• [WHAT THE TASK REQUIRES] Of the lines listed below, return exactly those that run from the line containing "Kaelin | Fig" through the line containing "近日, 鄂州市公安局出入境管", both included.

• [EXTRACTED DATA]
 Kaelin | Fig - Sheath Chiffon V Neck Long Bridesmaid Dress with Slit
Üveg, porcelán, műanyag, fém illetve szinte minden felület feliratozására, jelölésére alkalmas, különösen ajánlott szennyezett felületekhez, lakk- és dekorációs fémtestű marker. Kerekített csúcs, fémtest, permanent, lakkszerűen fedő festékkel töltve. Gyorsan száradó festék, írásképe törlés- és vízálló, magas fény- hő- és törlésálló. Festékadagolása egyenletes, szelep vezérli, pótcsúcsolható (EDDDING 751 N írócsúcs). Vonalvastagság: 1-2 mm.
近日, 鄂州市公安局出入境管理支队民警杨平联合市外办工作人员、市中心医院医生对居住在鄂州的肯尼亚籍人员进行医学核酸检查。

...

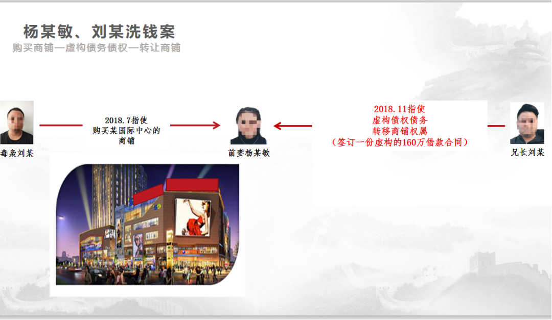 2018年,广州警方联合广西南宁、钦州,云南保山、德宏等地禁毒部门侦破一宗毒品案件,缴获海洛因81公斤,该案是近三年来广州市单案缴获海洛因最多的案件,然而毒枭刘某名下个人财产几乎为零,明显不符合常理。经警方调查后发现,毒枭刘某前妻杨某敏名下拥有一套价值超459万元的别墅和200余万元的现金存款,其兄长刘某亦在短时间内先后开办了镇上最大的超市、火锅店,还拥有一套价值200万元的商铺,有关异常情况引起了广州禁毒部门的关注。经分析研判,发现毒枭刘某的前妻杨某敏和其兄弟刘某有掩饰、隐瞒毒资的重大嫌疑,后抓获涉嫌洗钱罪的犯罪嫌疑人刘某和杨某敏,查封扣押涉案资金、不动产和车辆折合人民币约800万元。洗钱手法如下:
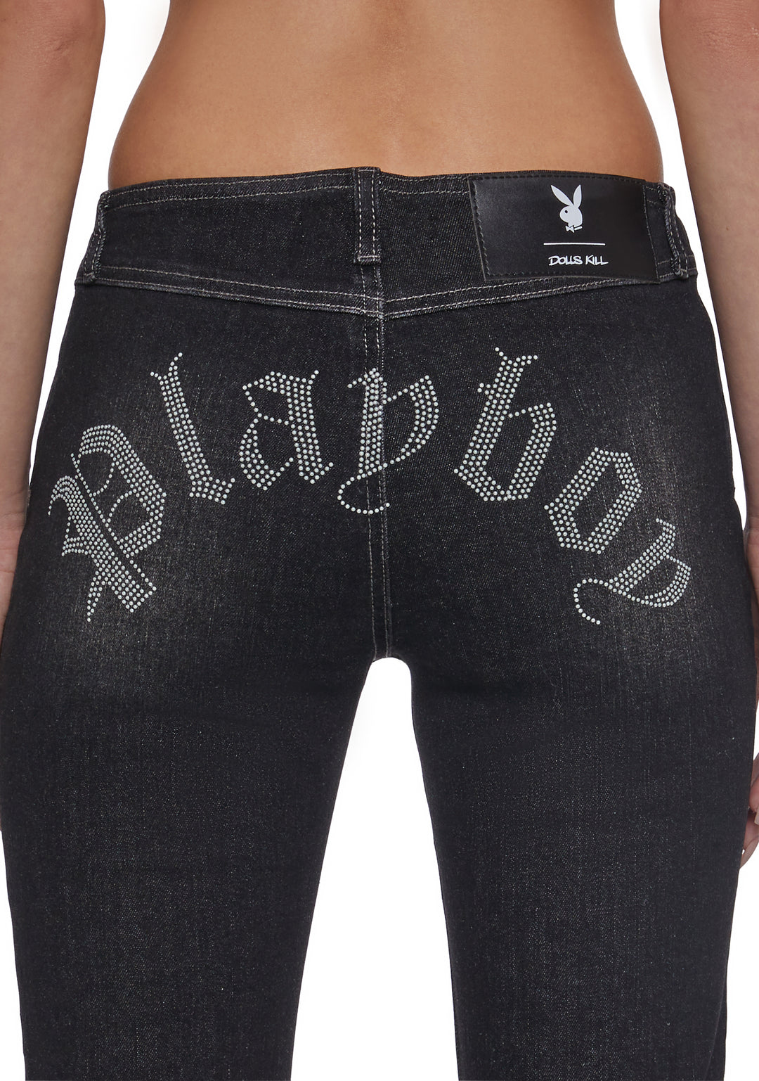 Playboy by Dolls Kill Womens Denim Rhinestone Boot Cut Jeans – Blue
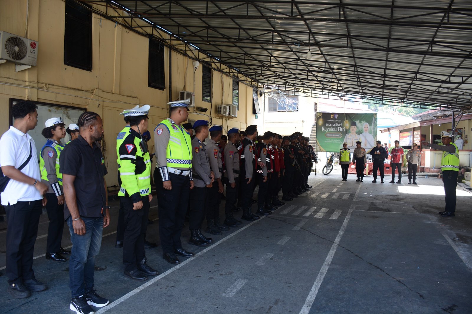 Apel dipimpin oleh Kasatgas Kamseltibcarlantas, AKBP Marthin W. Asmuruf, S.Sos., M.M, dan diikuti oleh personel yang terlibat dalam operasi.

• [EXPECTED ANSWER]
 Kaelin | Fig - Sheath Chiffon V Neck Long Bridesmaid Dress with Slit
Üveg, porcelán, műanyag, fém illetve szinte minden felület feliratozására, jelölésére alkalmas, különösen ajánlott szennyezett felületekhez, lakk- és dekorációs fémtestű marker. Kerekített csúcs, fémtest, permanent, lakkszerűen fedő festékkel töltve. Gyorsan száradó festék, írásképe törlés- és vízálló, magas fény- hő- és törlésálló. Festékadagolása egyenletes, szelep vezérli, pótcsúcsolható (EDDDING 751 N írócsúcs). Vonalvastagság: 1-2 mm.
近日, 鄂州市公安局出入境管理支队民警杨平联合市外办工作人员、市中心医院医生对居住在鄂州的肯尼亚籍人员进行医学核酸检查。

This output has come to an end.